-- Opening Marker --

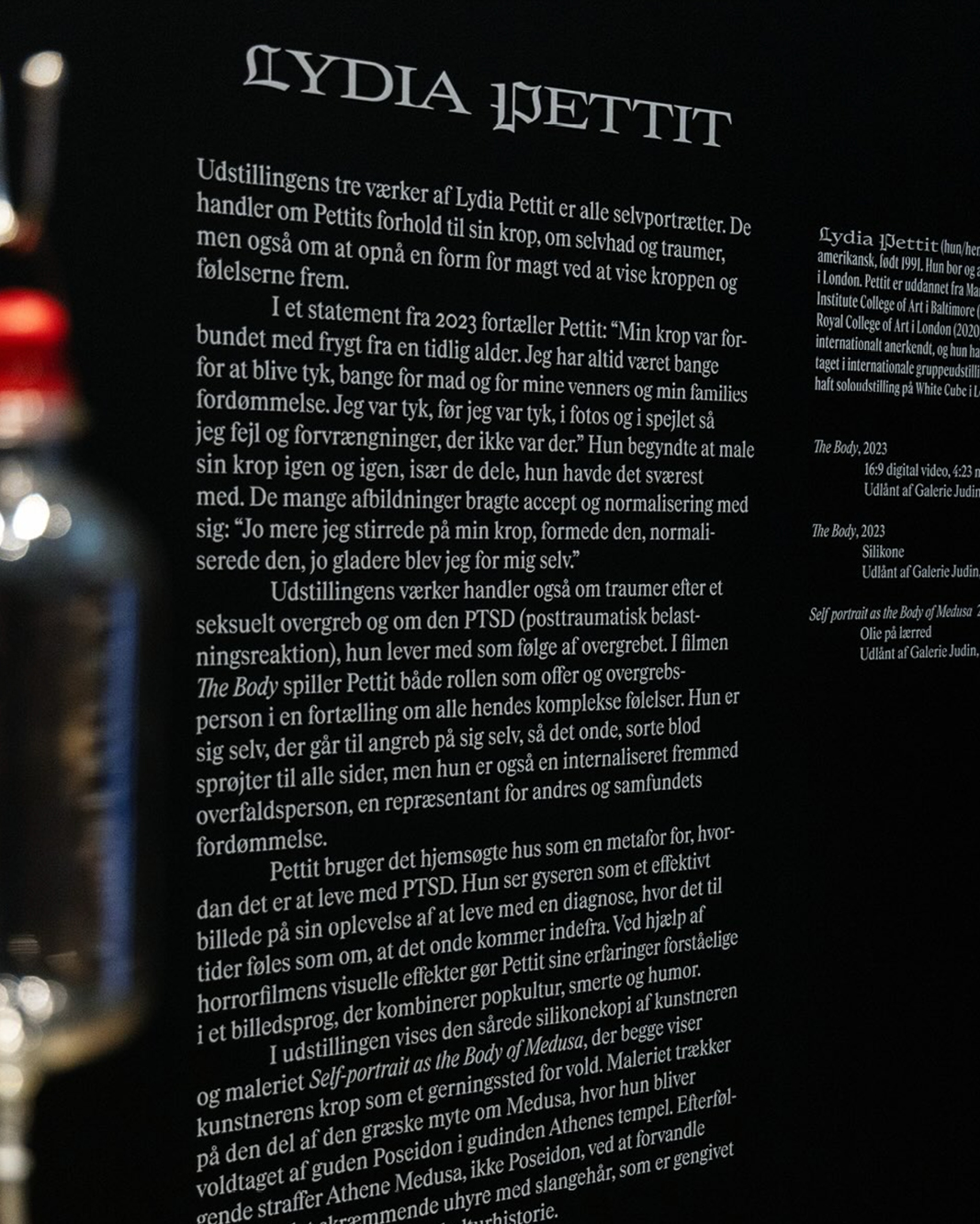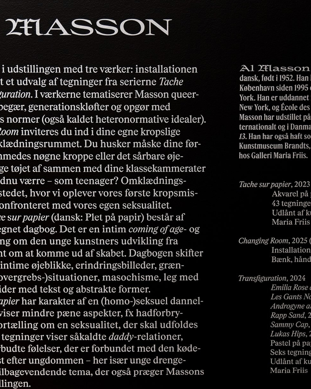 Graphics for the exhibition Anden Krop (English: Other Body) at Fuglsang Kunstmuseum in Toreby, Denmark, curated by Liza Kaaring and Tore Hallas. Spine Studio used Place together with Rhymes. Place is used with the blackletter capitals from its Extra styles. The exhibition architecture is by Louise Witthöft.
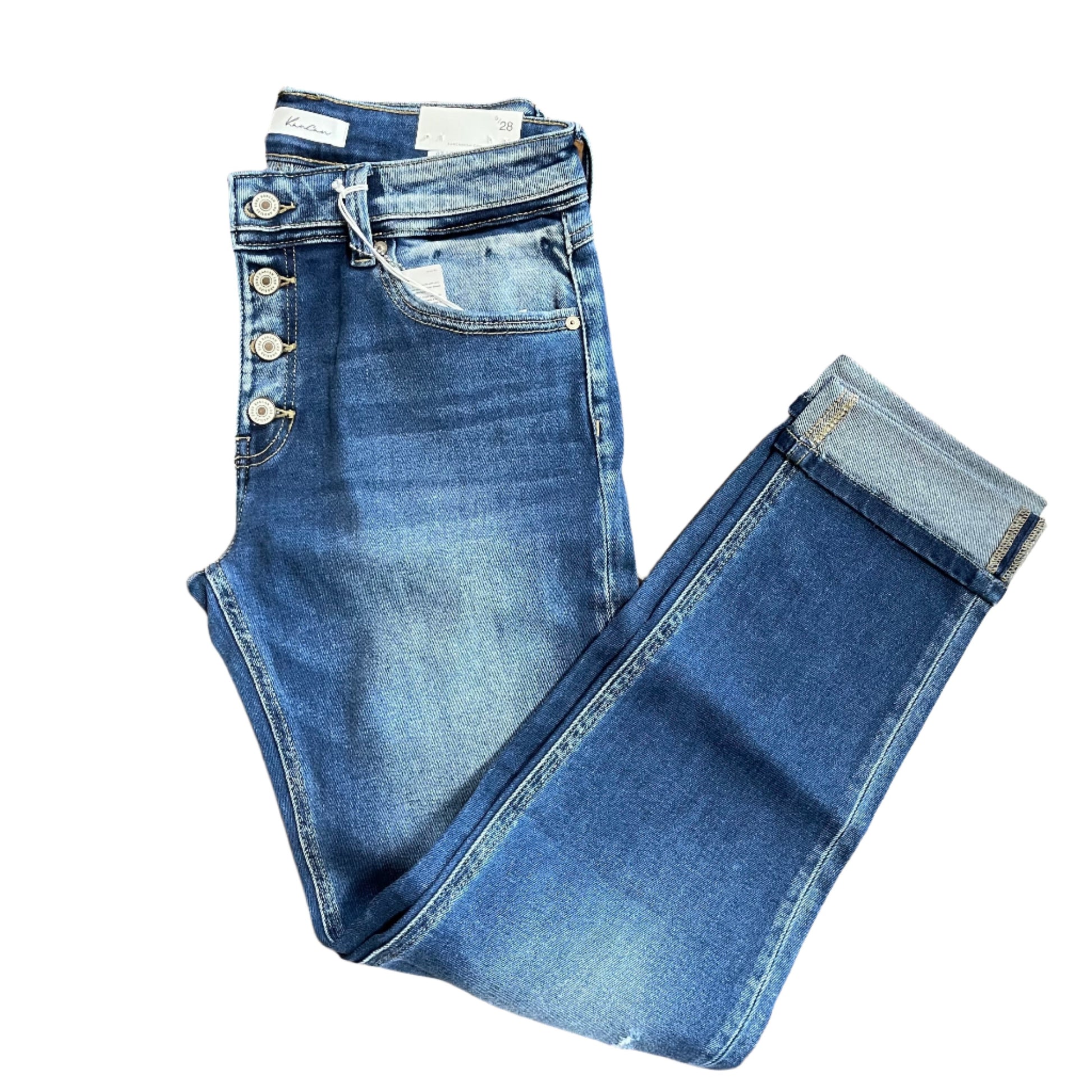 The Eternity Mid Rise Skinny Straight Jean comes in a faded medium and dark blue wash with light distress on both the front and back and patch detail on the left knee. This style is detailed with a four-button front closure and a folded hem for a relaxed, yet on-trend look. Sits right at the waist for an easy fit that's both comfortable and chic.
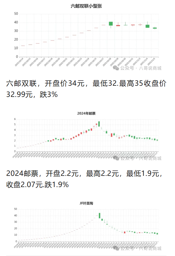 2024邮票,开盘2.2元,最高2.2元,最低1.9元,收盘2.07元.跌1.9%
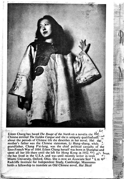 照片之下,是一段英文简介——首先介绍了张爱玲的家世背景,提及其外曾祖父李鸿章与祖父张佩纶,似乎是有意要强调此书作者乃中国清代重臣遗族的身份。应当说,这样的介绍,对照封底的照片,很容易让读者产生联想——祖籍河北丰润、生于上海的张爱玲,不正应了此书书名页之前印着的那一句“南朝金粉,北地胭脂”吗?
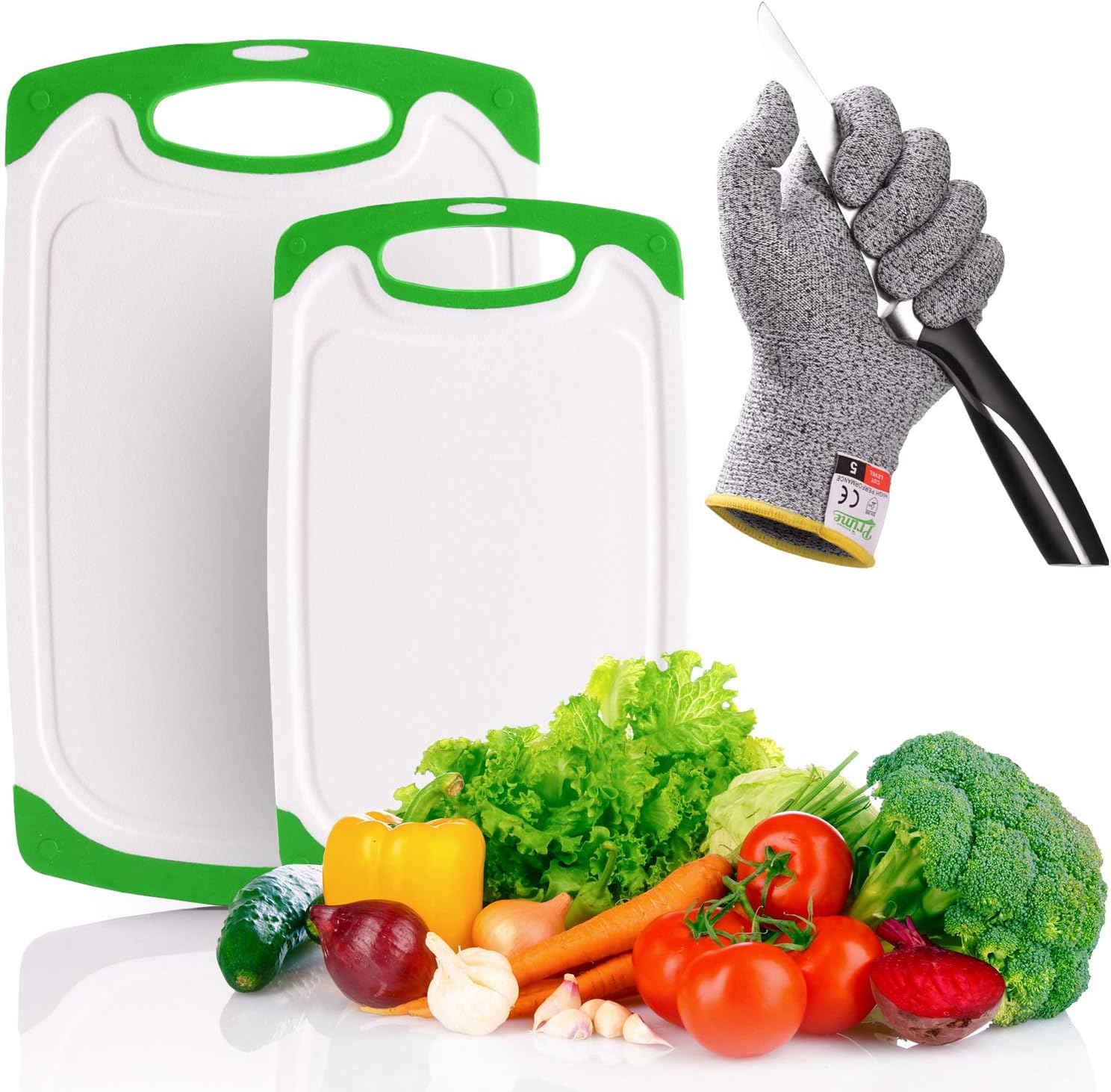 Free Shipping ๐Ÿ›’ Prime Kitchen Set of 2 Plastic Cutting Board | with 1 Cut Resistant Glove. Chopping Board BPA free, Deep Juice Grooves, Non-porous, Easy Grip Handle, Non-Slip, Dishwasher Safe.(Green)

-- Closing Marker --

### [Exercise details]
Would you restate, word for word and with no pictures, only the lines from the opening of the material through the line with "2024邮票,开盘2.2元,最高2.2元", both included?

### [Worked solution]
 Graphics for the exhibition Anden Krop (English: Other Body) at Fuglsang Kunstmuseum in Toreby, Denmark, curated by Liza Kaaring and Tore Hallas. Spine Studio used Place together with Rhymes. Place is used with the blackletter capitals from its Extra styles. The exhibition architecture is by Louise Witthöft.
 The Eternity Mid Rise Skinny Straight Jean comes in a faded medium and dark blue wash with light distress on both the front and back and patch detail on the left knee. This style is detailed with a four-button front closure and a folded hem for a relaxed, yet on-trend look. Sits right at the waist for an easy fit that's both comfortable and chic.
 2024邮票,开盘2.2元,最高2.2元,最低1.9元,收盘2.07元.跌1.9%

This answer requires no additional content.